New Code To Enable Robots Understand Body Language

by CXOtoday News Desk    Jul 10, 2017


Researchers at Carnegie Mellon University in Pittsburgh, Pennsylvania, US have enabled a computer code to understand body poses and movements of people around them.

“We communicate almost as much with the movement of our bodies as we do with our voice,” said, Yaser Sheikh, Associate Professor of Robotics at Carnegie Mellon University in Pittsburgh, Pennsylvania, US. “But computers are more or less blind to it.”

The method was developed with the help of the Panoptic Studio, a two-story dome embedded with 500 video cameras.

The insights gained from experiments in that facility now make it possible to detect the pose of a group of people using a single camera and a laptop computer, researchers said.

These methods for tracking 2-D human form and motion open up new ways for people and machines to interact with each other and for people to use machines to better understand the world around them. The ability to recognize hand poses, for instance, will make it possible for people to interact with computers in new and more natural ways, such as communicating with computers simply by pointing at things, Yaser said.

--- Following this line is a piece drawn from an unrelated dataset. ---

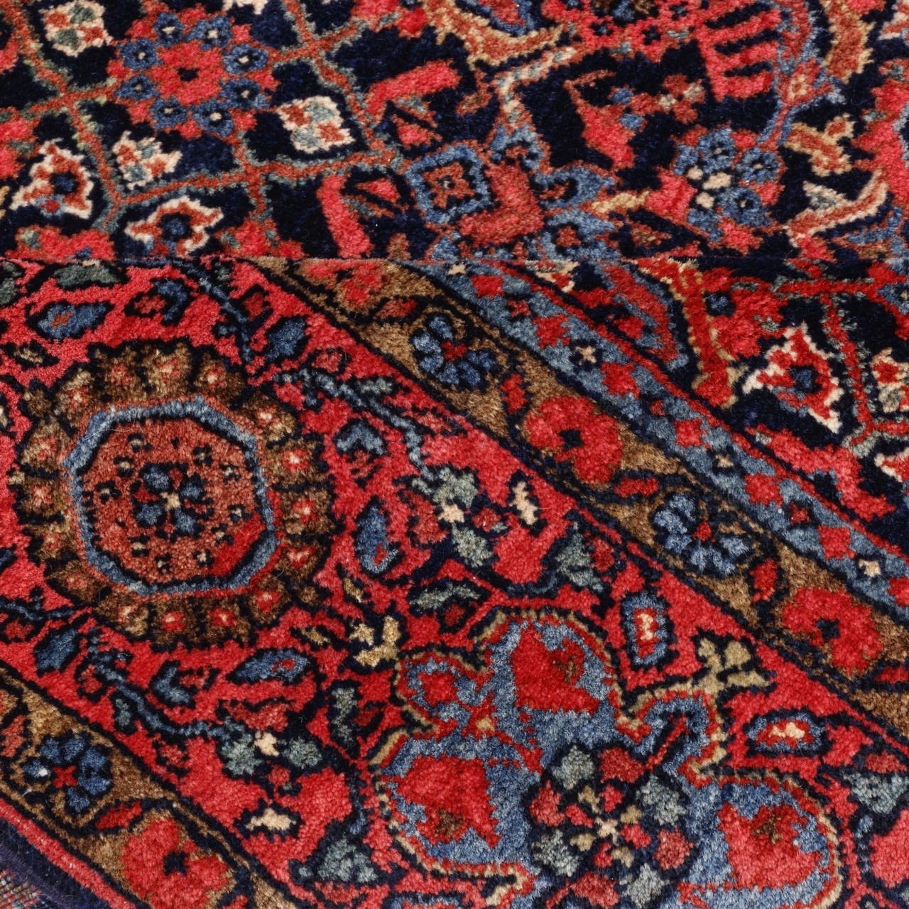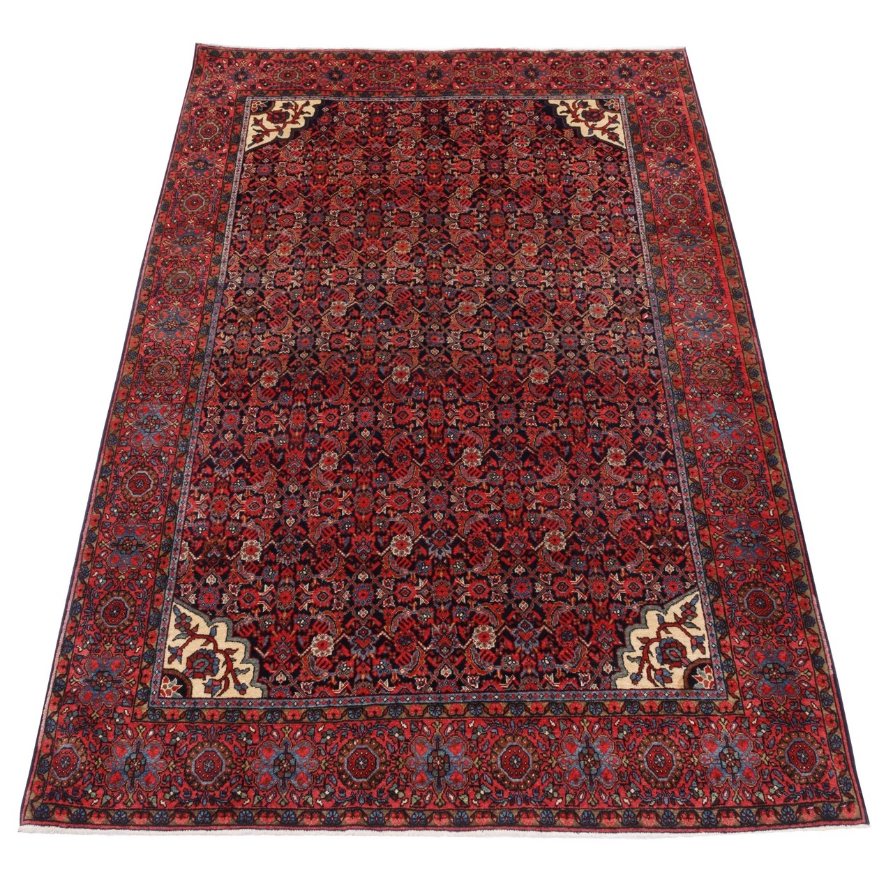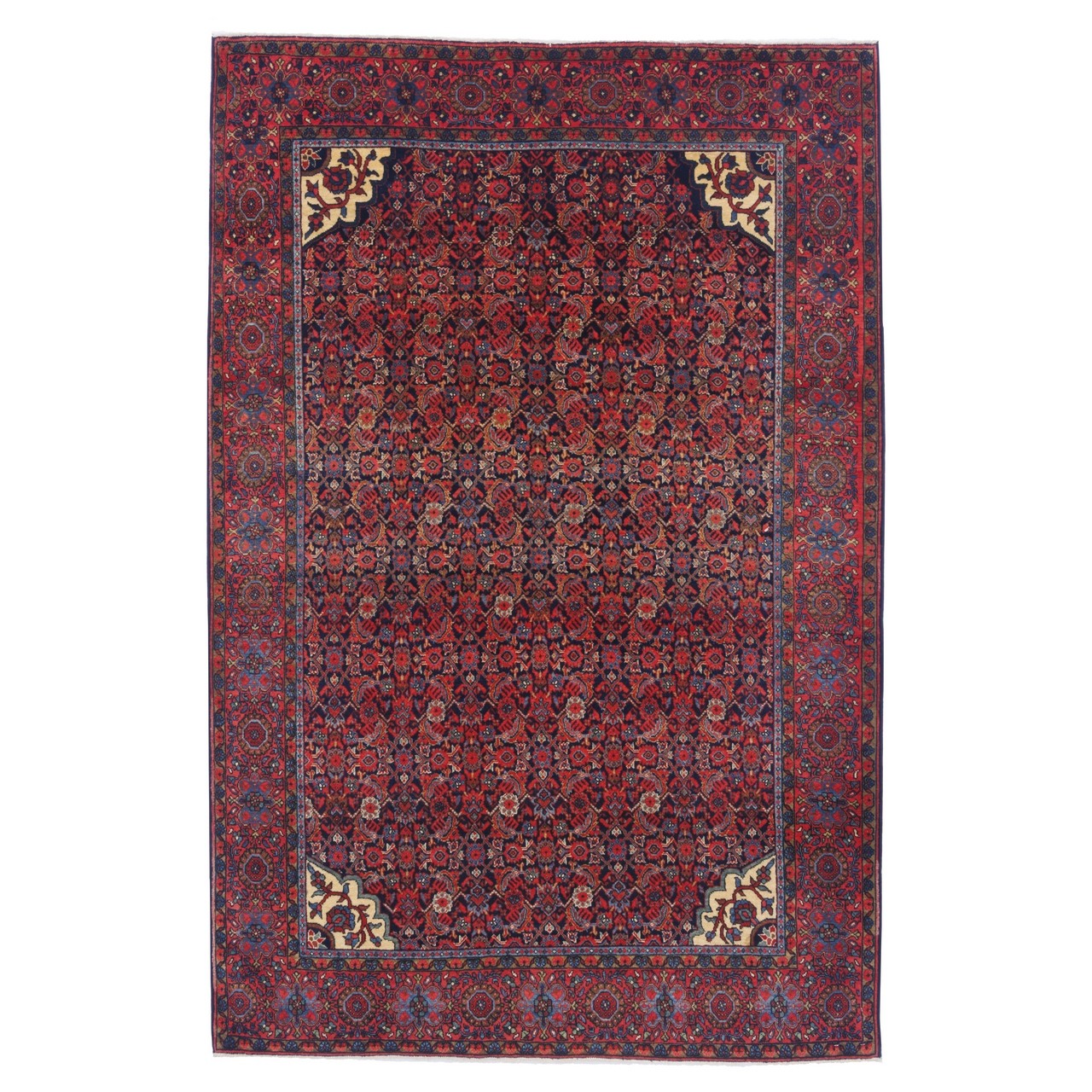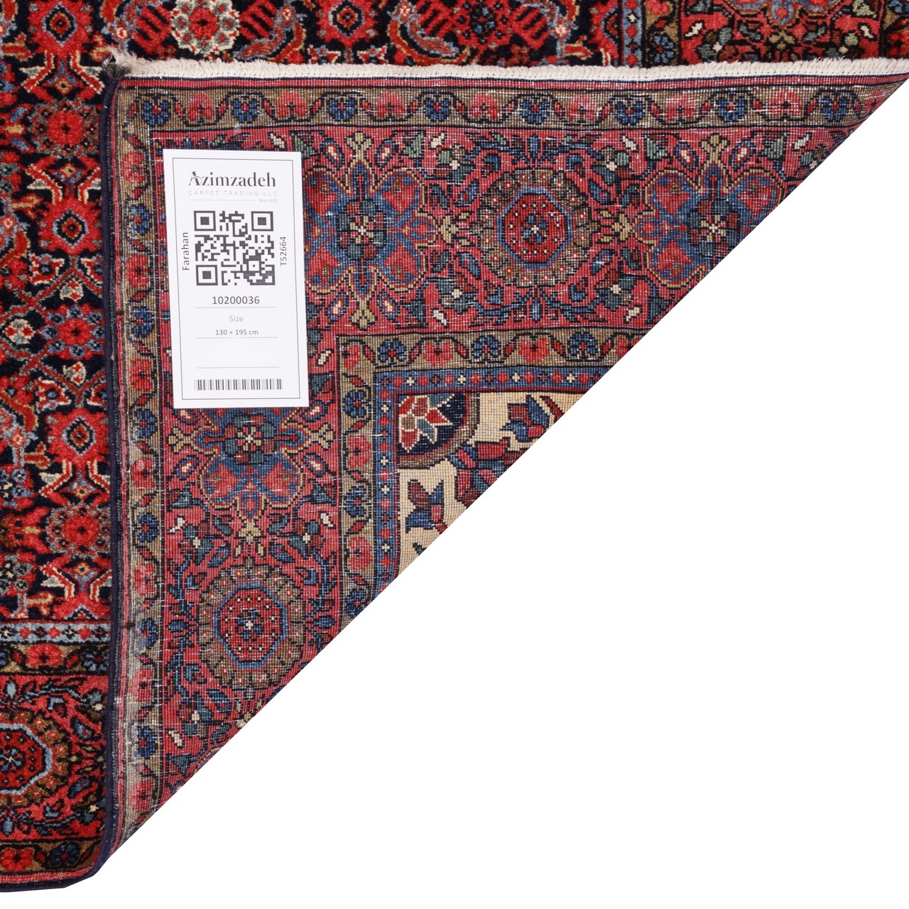این فرش دستباف آنتیک فراهان با طرح سراسر و ترکیب بینظیر رنگها، گویی با هر گرهاش قصهای را از دل تاریخ زمزمه میکند. سرتاسر این فرش با نقش ماهیدرهم و چهار لچک در زمینه بافته شده است. طرح ماهیدرهم، یکی از اصیلترین و کهنترین نقوش قالی ایرانیست که در این اثر با مهارت خاصی پیاده شده و این نقش از نقوش تکرارشوندهی گل و برگهایی هندسی و ریز تشکیل میشود که به شکلی منظم و متقارن، سراسر فرش را در بر میگیرند. اینجا طرح در قالب طرح لچک و ترنج ارائه شده، که بدون ترنج است، اما ویژگی خاص آن در پر شدن کامل متن فرش با موتیفهای کوچک و تکرارشونده است که به آن حالت درهمتنیده میبخشد. زمینهی سرمهایِ عمیق، بستری است دلفریب برای درخشش نقشها؛ در حالی که حاشیهی لاکیرنگ، با طنین گرم و شاداب خود، قاببندی استادانهای برای این روایت تصویری فراهم آورده است. این اثر در ابعاد ۱۳۰ × ۱۹۵ سانتیمتر و با رجشمار ۴۰، با چلهی نخی و پشم مرغوب بافته شده است؛ ترکیبی که دوام، استحکام و نرمی را بهطور همزمان فراهم میآورد. هر گره در این قالی، نشانی است از هنر دستان بافندهای که نه صرفاً تار و پود را در هم تنیده، بلکه روح فراهان را در آن دمیده است.

To encourage more research and applications, the researchers have released their computer code for both multi-person and hand pose estimation.

Sheikh and his colleagues will present reports on their multi-person and hand pose detection methods at CVPR 2017, the Computer Vision and Pattern Recognition Conference July 21-26 in Honolulu.

Tracking multiple people in real time, particularly in social situations where they may be in contact with each other, presents a number of challenges. Simply using programs that track the pose of an individual does not work well when applied to each individual in a group, particularly when that group gets large.

Sheikh and his colleagues took a “bottom-up” approach, which first localizes all the body parts in a scene — arms, legs, faces, etc. — and then associates those parts with particular individuals.

The challenges for hand detection are greater. As people use their hands to hold objects and make gestures, a camera is unlikely to see all parts of the hand at the same time. Unlike the face and body, large datasets do not exist of hand images that have been annotated with labels of parts and positions.

The researchers said it will help several applications like, a self-driving car could get an early warning that a pedestrian is about to step into the street by monitoring body language. Enabling machines to understand human behavior also could enable new approaches to behavioral diagnosis and rehabilitation, for conditions such as autism, dyslexia and depression.